Task instructions => In the material below, the line holding "Aquesta és la" and every line after it should be reproduced exactly, please, with pictures omitted.

:: Data section

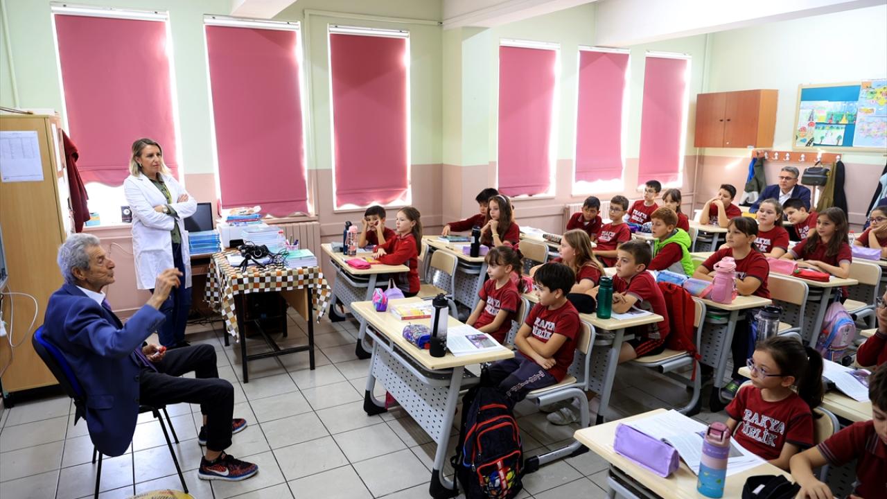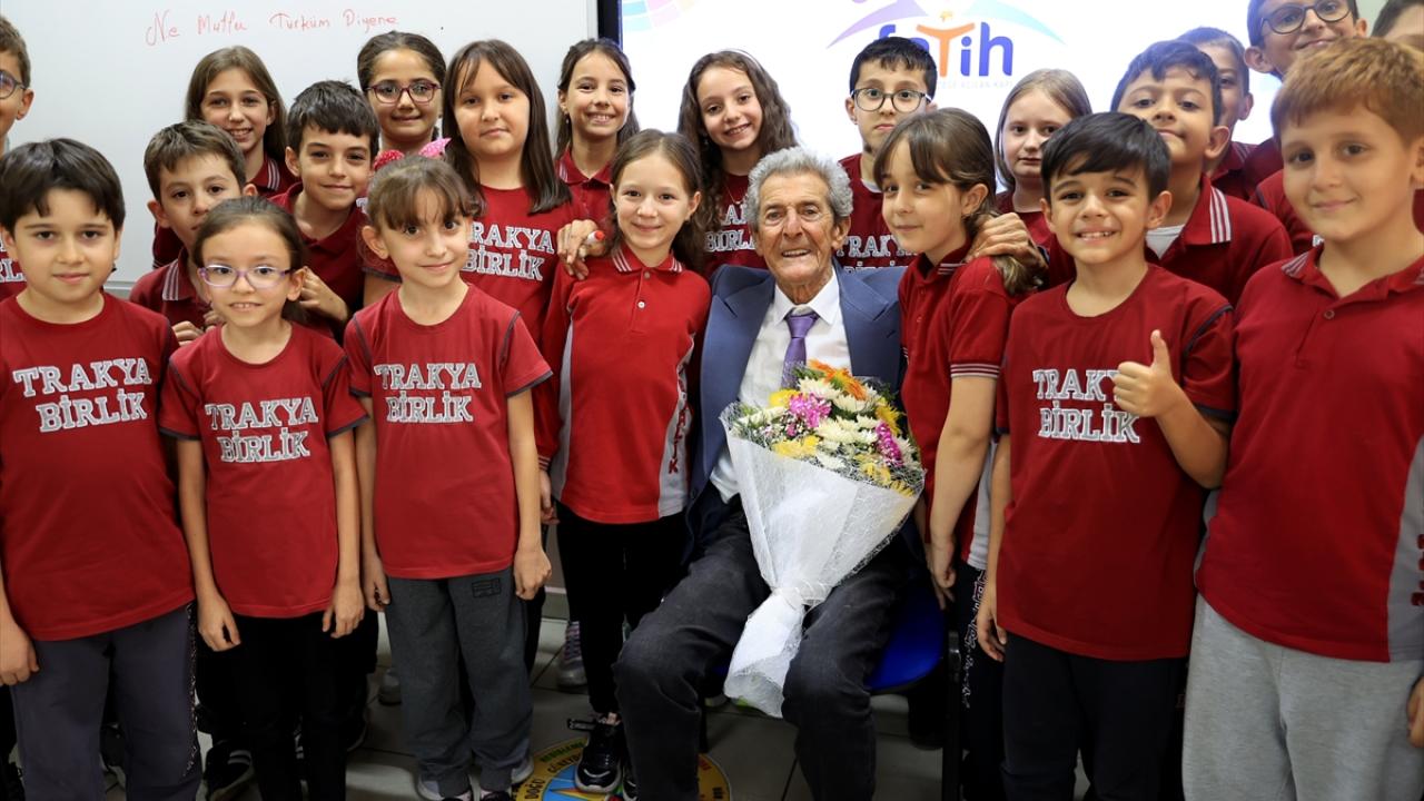 Trakya Birlik İlkokulu`nda eğitim gören 4`üncü sınıf öğrencilerine anılarını anlatan Sedat öğretmen, kara tahtanın başındaki günleri hatırlayınca duygulandı.
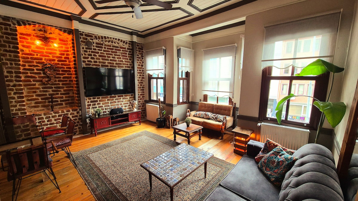 Aquesta és la nostra llar. Ens encanta. Ens importa, també ens preocupem pel sentit de l'espai i la qualitat del temps. Esperem que tu també ho facis. Aquesta unitat de 160 m2 (1700 metres quadrats) amb sostres alts, 1 dormitori es troba a la quarta planta d'un edifici semirresidencial històric. Tot i que ens encanta pensar que el lloc està ple de pau, comoditat i personalitat; la veritable màgia és exactament on es troba. Està gairebé a un minut dels ferris i d'alguna manera es troba tranquil·lament enmig de l'enrenou de Kadikoy.
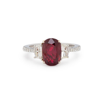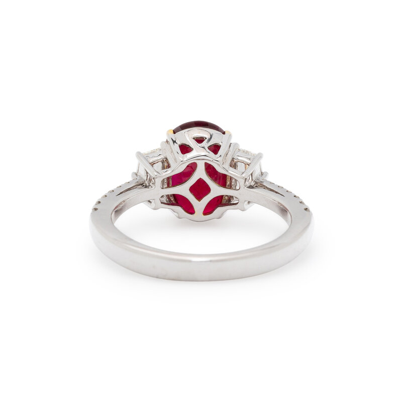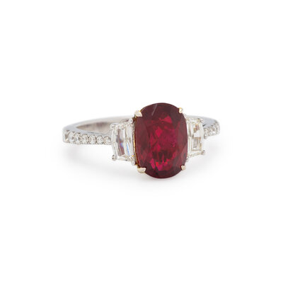 BURMESE RUBY, DIAMOND, AND WHITE GOLD RING

::::

Result of the exercise =>
 Aquesta és la nostra llar. Ens encanta. Ens importa, també ens preocupem pel sentit de l'espai i la qualitat del temps. Esperem que tu també ho facis. Aquesta unitat de 160 m2 (1700 metres quadrats) amb sostres alts, 1 dormitori es troba a la quarta planta d'un edifici semirresidencial històric. Tot i que ens encanta pensar que el lloc està ple de pau, comoditat i personalitat; la veritable màgia és exactament on es troba. Està gairebé a un minut dels ferris i d'alguna manera es troba tranquil·lament enmig de l'enrenou de Kadikoy.
 BURMESE RUBY, DIAMOND, AND WHITE GOLD RING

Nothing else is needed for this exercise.